=== Exercise data ===

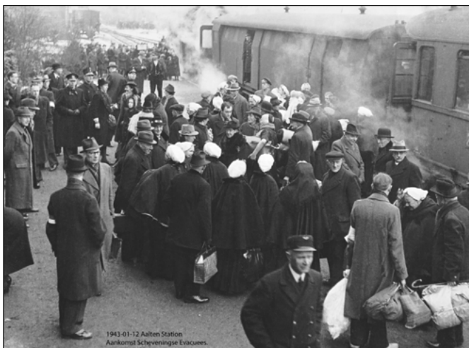
6 Aankomst Scheveningse evacués op station Aalten in januari 1945

In het voorjaar van 1942 werd het strand en duingebied bij Scheveningen tot verboden gebied (Sperrgebiet) verklaard door de Duitsers. Al snel daarna werden 350 woningen in de kuststrook van Duindorp en Scheveningen-Dorp ontruimd en gesloopt. Eind oktober 1942 werd het Sperrgebiet uitgebreid. Zo'n 30.000 woningen werden gesloopt en bomen in bossen en plantsoenen werden gerooid. Ongeveer 135.000 Hagenaars moesten hun woning verlaten voor de bouw van Stützpunktgruppe Scheveningen. Veel van de evacués kwamen terecht in Aalten en Winterswijk in Gelderland.
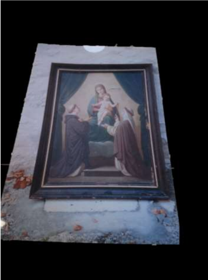
Figure 7-Tableau "Vierge au Rosaire" (10W8)
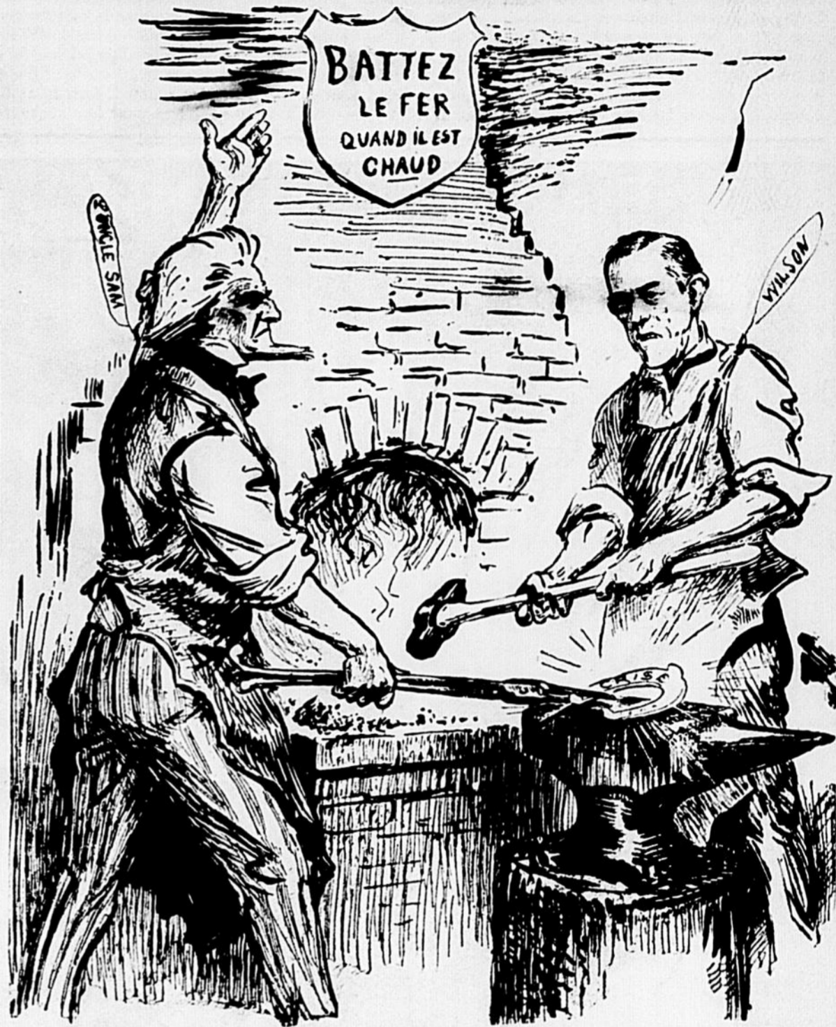
Il est temps de se décider
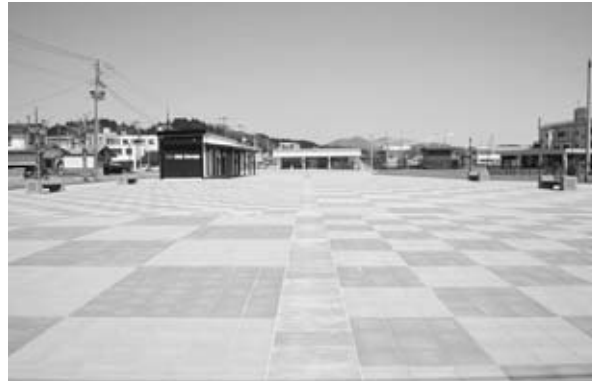
◀令和3年4月16日 チャレンジ広場オープン
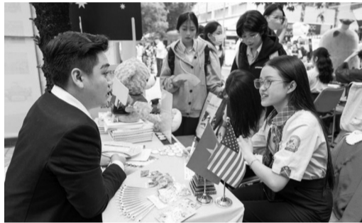
● Thí sinh tại Ngày hội tư vấn tuyển sinh 2025. (Ảnh minh họa: HUTECH)
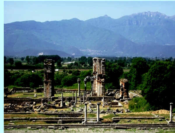
Lokalitet Filipi, u pozadini Pangeo

Odozgo se ne vide svi meandri reke Neste već samo poslednja tri. Zatim smo se vratili u izlazni deo klisure i prošetali stazom uklesanom u stene oko kilometar uzvodno. Staza se nalazi iznad reke i pruge sa dosta tunela.
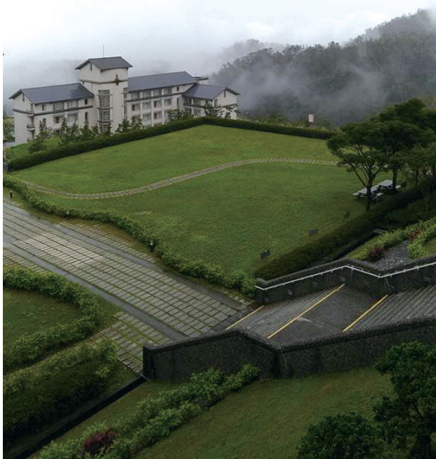
從臺大退休後隱居林美山上，樓在山中。

今晨太陽曬到我的尻瘡（臺語），六點半山上的秋陽已炙熱，透過虛掩的落地窗簾縫隙，灑入窗前地板，還爬上床沿，溫暖的秋陽正好不偏不倚，溫柔地撫摸著我的屁股。我想起臺語的俗諺「困尬日頭曝尻瘡」，不覺莞爾。這句俗諺是兒時長輩喚我起床的用語，有斥罵我貪睡的意味兒；今天
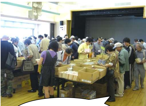
たくさんの方にご来場いただき、大盛況でした。
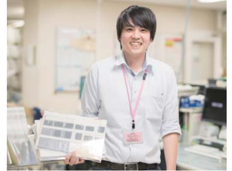
医療事務管理業務
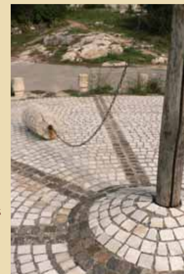
Aire de Battage / Les Boyers

ont de longueur modeste, la plus longue atteint quelques dizaines de mètres. La plus courte fait moins de dix mètres. Il n'a pas été possible de dater avec précision leur construction mais certaines sont toujours utilisées aujourd'hui !
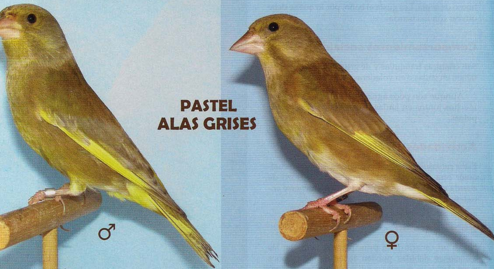
Foto 1. Pareja de verderones comunes mutación pastel alas grises.

===

What is required: Print the entries again exactly as they appear above. Do not print the pictures.

Result of the task:
6 Aankomst Scheveningse evacués op station Aalten in januari 1945

In het voorjaar van 1942 werd het strand en duingebied bij Scheveningen tot verboden gebied (Sperrgebiet) verklaard door de Duitsers. Al snel daarna werden 350 woningen in de kuststrook van Duindorp en Scheveningen-Dorp ontruimd en gesloopt. Eind oktober 1942 werd het Sperrgebiet uitgebreid. Zo'n 30.000 woningen werden gesloopt en bomen in bossen en plantsoenen werden gerooid. Ongeveer 135.000 Hagenaars moesten hun woning verlaten voor de bouw van Stützpunktgruppe Scheveningen. Veel van de evacués kwamen terecht in Aalten en Winterswijk in Gelderland.
Figure 7-Tableau "Vierge au Rosaire" (10W8)
Il est temps de se décider
◀令和3年4月16日 チャレンジ広場オープン
● Thí sinh tại Ngày hội tư vấn tuyển sinh 2025. (Ảnh minh họa: HUTECH)
Lokalitet Filipi, u pozadini Pangeo

Odozgo se ne vide svi meandri reke Neste već samo poslednja tri. Zatim smo se vratili u izlazni deo klisure i prošetali stazom uklesanom u stene oko kilometar uzvodno. Staza se nalazi iznad reke i pruge sa dosta tunela.
從臺大退休後隱居林美山上，樓在山中。

今晨太陽曬到我的尻瘡（臺語），六點半山上的秋陽已炙熱，透過虛掩的落地窗簾縫隙，灑入窗前地板，還爬上床沿，溫暖的秋陽正好不偏不倚，溫柔地撫摸著我的屁股。我想起臺語的俗諺「困尬日頭曝尻瘡」，不覺莞爾。這句俗諺是兒時長輩喚我起床的用語，有斥罵我貪睡的意味兒；今天
たくさんの方にご来場いただき、大盛況でした。
医療事務管理業務
Aire de Battage / Les Boyers

ont de longueur modeste, la plus longue atteint quelques dizaines de mètres. La plus courte fait moins de dix mètres. Il n'a pas été possible de dater avec précision leur construction mais certaines sont toujours utilisées aujourd'hui !
Foto 1. Pareja de verderones comunes mutación pastel alas grises.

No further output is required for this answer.